Saturday, September 6, 2014

WILLFUL IGNORANCE

Political parties matters. Polls can no longer predict how a candidate will vote by what he or she says on the campaign trail as they once did. In the “old days”, politicians were beholden to the voters in their districts. This populism was so because they depended on donations to finance their campaigns. Historically, there were no rules saying this but politicians were people who could most afford to campaign. They could ride horse back from town to town, which meant they could not be working; therefore, they had to depend on their personal fortune or the generosity of supporters to survive. Although most of us never think along these lines, this resulted in a narrowly focused group of people who could be political candidates; generally, they were not in the working class. They were the rich or were in the professions; lawyers seem to lead the pack with generals following closely.

Abraham Lincoln and Andrew Jackson are classic example of “anyone can be president”, but this is true only if we overlook the fact that they were exceptions; Lincoln became a lawyer when most lawyers were rich. Jackson was a general before becoming a farmer, but nonetheless, he was a rich farmer. In addition to candidate background, many other things influence party membership. Scientists seem to think that about 33% of a person’s political affiliation is associated with his or her genes that is, “political beliefs are innate”. I believe that nurturing plays a big part. Scientists partition the nurturing and nature affiliations by studying siblings and twins; thus, bury the positive nurturing affect of genetic “like” parents. This suggests to me that genetics pays a bigger part then scientists generally think, a belief I advance on this blog site.

In addition, to this there is the fact that many people vote in an illogical way. In a sense, they vote their innate feeling or their genes, which may be a vote against their own best interest. If people do something without explanation, in my opinion, one of the first places to look is the genome. Let me give an example:

Pollsters ask people if they support affordable health care. Well over 50% of the people support that program, a remarkable figure in the face of the massive hate “Obamacare” rhetoric. It is a standard response to deplore old age poverty and support Social Security. There is some anti social security program rhetoric but it is not as massive as in the current health care question. It harkens, back to residual hate for FDR’s social upheaval of the early 1930’s, the so-called “New Deal”. In addition, there are many other government programs with overwhelming public support, including such diverse things as food stamps and the Pentagon.  Now move to the budget. Polls show everyone wants a balanced budget, not by a slim margin but tremendously. The public overwhelmingly agree that “we the people” need to pay for what they buy. We collectively hate defect spending but we all do it; house mortgage, car loans, layaway programs. In other words, we understand finance.

Thus, poll results make it abundantly clear; we want the government to provide all these good things and we know we have to pay for them. It makes no sense to me that people cannot put these two things together. Frank Lutz has repeatedly shown this dichotomy of reason in focus groups, small groups of people who express opinion. The magic of focus groups is that the experimenter can select the political affiliation of the members in any one group. This is the exact opposite of polling; for example those poll results just referenced; most polltakers try to be honest and try to reach a cross-section of voter, which gives value to what they do. Focus group results are the exact opposite from polling results. When asked, regardless of political affiliation, people in focus groups overwhelmingly object to paying taxes, duties, fines, etc, which are answers in stark contrast to polling results in the sense that people want all the good things that government does for them but do not want to pay for them. This disconnect is covered up by innumerable schemes but the fact remains, we cannot have all the nice things we overwhelmingly want if we do not pay for them.

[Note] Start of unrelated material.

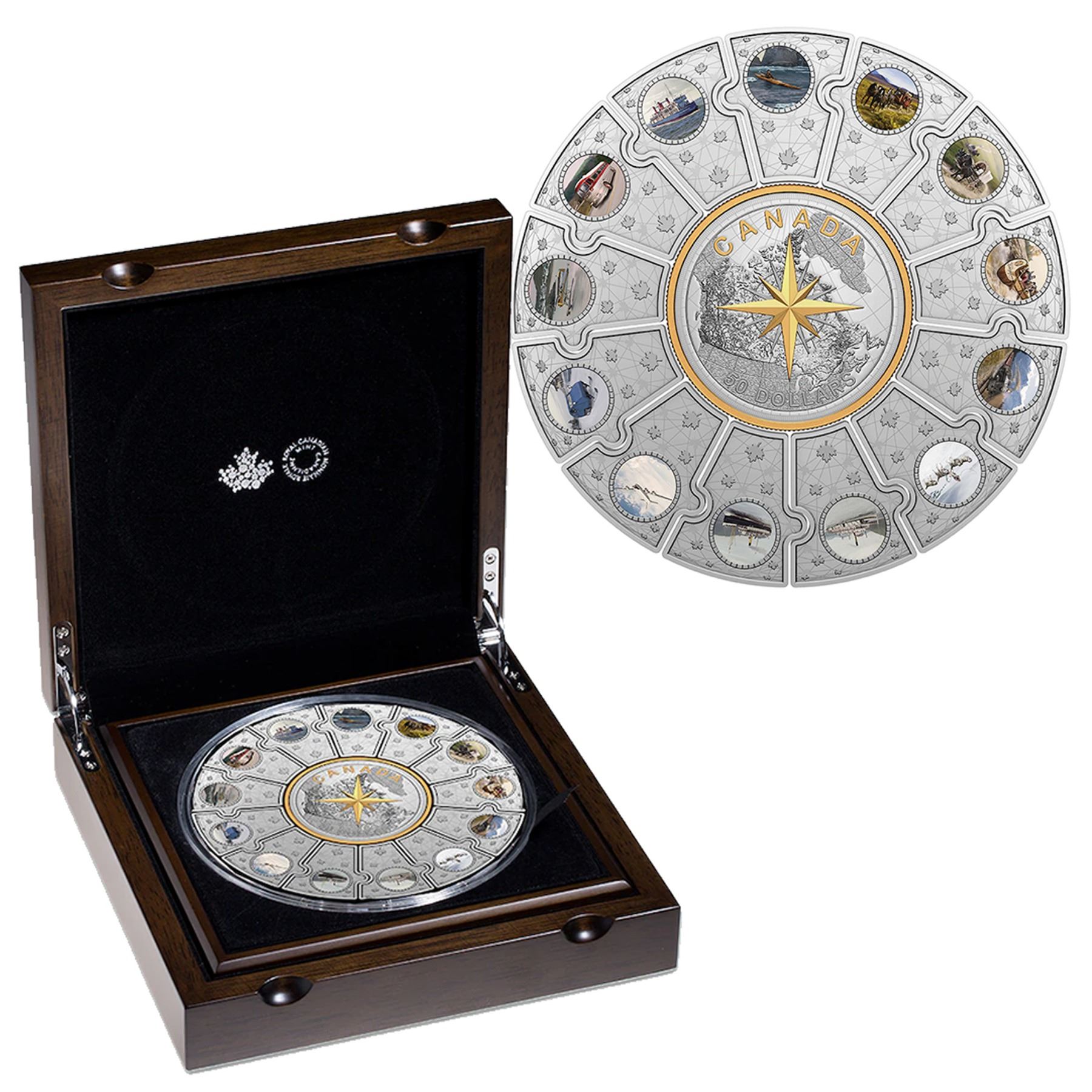 2018 Connecting Canadian History 14-Piece Fine Silver Puzzle Coin Set with Selective Gold-Plating. Comprised of $20 Puzzle Pieces and $50 Coin in Centre. Low Mintage of only 800! (Tax Exempt)

If we understand finance, how can it be that we do not want a debt yet do not want to pay taxes? The political fury around election time centers on this point with one huge caveat; Democrats want all these things and so do Republicans but neither Democrat nor Republican wants to pay for them. Listen during the campaign and you will hear political pendants say this in a hundred different ways; Democrats belong to a “tax and spend” party, Republicans claim to belong to a fiscally responsible party. It makes no sense that politicians deny the things they believe in. How can anyone, by any stretch of the imagination, living in a democracy, deny this? Nevertheless, as the poll results indicate, people vote for Republican candidates because they want all of these social programs and tell the people that they can have them without paying taxes. This is incredible but clearly falls in within the pattern predicted by Frank Lutz.


Apparently and in direct conflict with Republican campaign rhetoric, it seems that people in general think they can have expensive social programs without paying for them but so do people who know that is not reasonable; they say one thing and vote something else. Why? It makes no sense. Their votes prove this beyond reasonable doubt. What it also proves is that they vote the way they do because they want to hang on to their money—they earned it so they want to keep it. As the polls show, selfishness is innate in the great majority of all of us. It is the three billion year old “red in tooth and claw survival”; clearly, bestial survival of the fittest means survival of the ones that have the most. Call it willful ignorance if you want. As a Democrat, I believe that is carrying conservatism too far; I feel our humanization has moved us beyond that, at least some of us.